Sistem, bizi yönetmeyi kendine vazife bilen zenginlerin bir düzeneği ise; istediklerini olabildiğince vermeyerek sisteme karşı anarşist  tavrımı sergiliyorum; hareketsiz ve kayıtsızım. Ne sattıklarıyla ilgilenmiyorum. Kazanma hırsı taşımıyor, TV izlemiyor, marka ve ürünlerine aldırmıyor, filmlerine, kitaplarına, müziklerine dönüp bakmıyor, dinlerine kulak asmıyorum. Ben bir pasif anarşistim. İnsanlara pek inanmayan, hümanizm karşıtı bir anarşistin sahip olabileceği en makul DÜŞÜNCEYİM*. Dondurmadan römorkora herşeyi kendim yapabilir, genlerimle oynayan pislikleri yiyeceğime, köylerden aldığım temiz tohum ve fidelerle evimde sebze yetiştirip afiyetle yiyebilirim.  Kendi kendime öğretir, kendim tasarlar, kendim üretir,  kendime yeterim! Yönetim, beni yönettiğini sanadursun, ben onun işlerliğini sonlandırmak için üstüme düşen o minicik görevi yerine getiririm: onu yok sayar, verdiklerini almam. Ben, dünyada bu sistem çökecekse bombalar ve tanklarla değil, kulak tıkaçlarıyla, göz bantlarıyla, kedi otlarıyla çökeceğine inanan benim gibilerin sesini uzaktan tanır, onların müziğini dinler, yazdığını okur, onlarla sisteme karşı duran, pasif, barışçıl, sessiz ve gizli bir anarşist klan oluştururum. Sayımız arttıkça sistem hataları büyür, sonunda birgün çöker.  Bize katılmak, sistemde bir hata olmak isteyen herkesi davet ederim.
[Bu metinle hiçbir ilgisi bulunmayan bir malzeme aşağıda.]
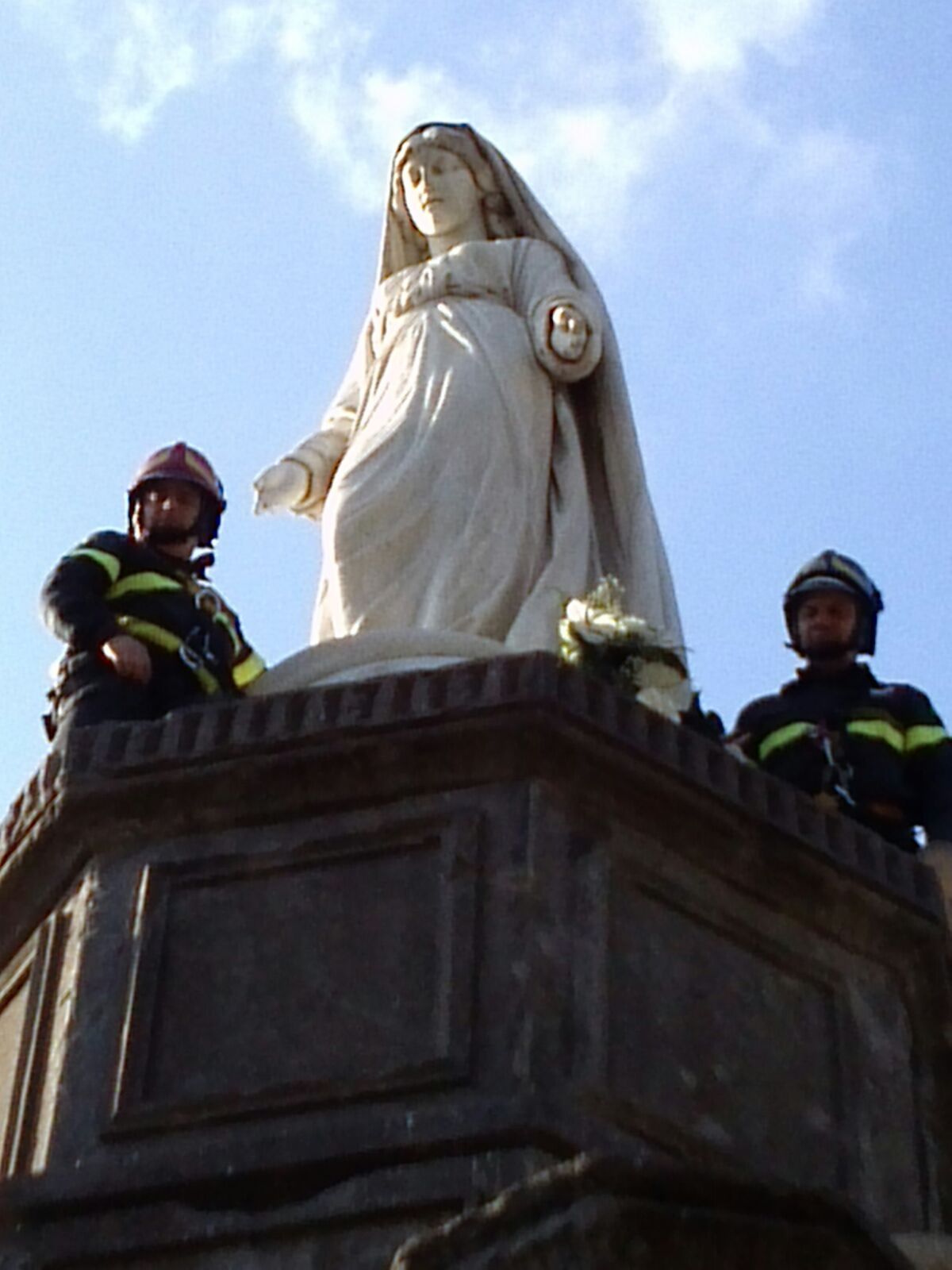 Ogni anno i vigili del fuoco depositano una corona presso la statua della Madonna in piazza del Carmine.

Aşağıda sesini tanıdığım anarko bloggerlardan bazıları var:
İnanma
Çevrimdışı
Muayyen
Kızgın Damdaki Kedi
emre varışlı
Rustik Futuristik


*: Hich, bu saydıklarını düşünür ancak pratikte bazı güçlüklerle karşılaşır. Dolabında jean'leri, buzdolabında ketchup'ı bulunur ve itiraf etmek gerekir ki beğenmese de Amerikan filmlerini sıkça izler.

4 Comments:

  1. Elma Lekesi said...
    Pasif Anarşit Köy İhtiyar Heyeti!
    Hich said...
    :)ıhıhı
    varol döken said...
    preud'honne'un insan ruhunun varabileceği son nokta anarşizmdir atasözüne (motto, quote artık her neyse) katıldığımdan ve mülksüzler'i yalayıp yuttuğumdan beri konu hakkında kendi çapımda etraflıca düşündüm. ve gerçek anarşist tek eylemin insanın kendisini öldürmesi olduğunu keşfettim. keşfettim derken öyle antik bir kazıda falan değil kendi içimde işte... çünkü sana yeten başkasına az, başkasına yeten sana çok gelebiliyordu çünkü doğa anarşizmden büyüktü... tabi bunları bir reklamcı olarak yazmam da paradoks olarak görünebilir ama gerçekten anarşiye (sözlükteki veya bakunindeki karşılıklarına değil çünkü anarşinin en basit anlamı insan vicdanıdır) inanan bir adamım. pasif anarşini destekliyorum ama house'u çok seviyorum, o da anarşist olsun, o diziyi yazanlara biz incik boncuk yapalım mesela:)

    şu malca satırlarımdan ötürü gidip kendimi bir öldüreyim...
    Hich said...
    :)) evet hippie kurumu boncuk üretse de bence de iyi bir anarşist takımı.... Kendini öldürmek konusunda ise sonunaaaaaaaaaaa kadar katılıyorum!!!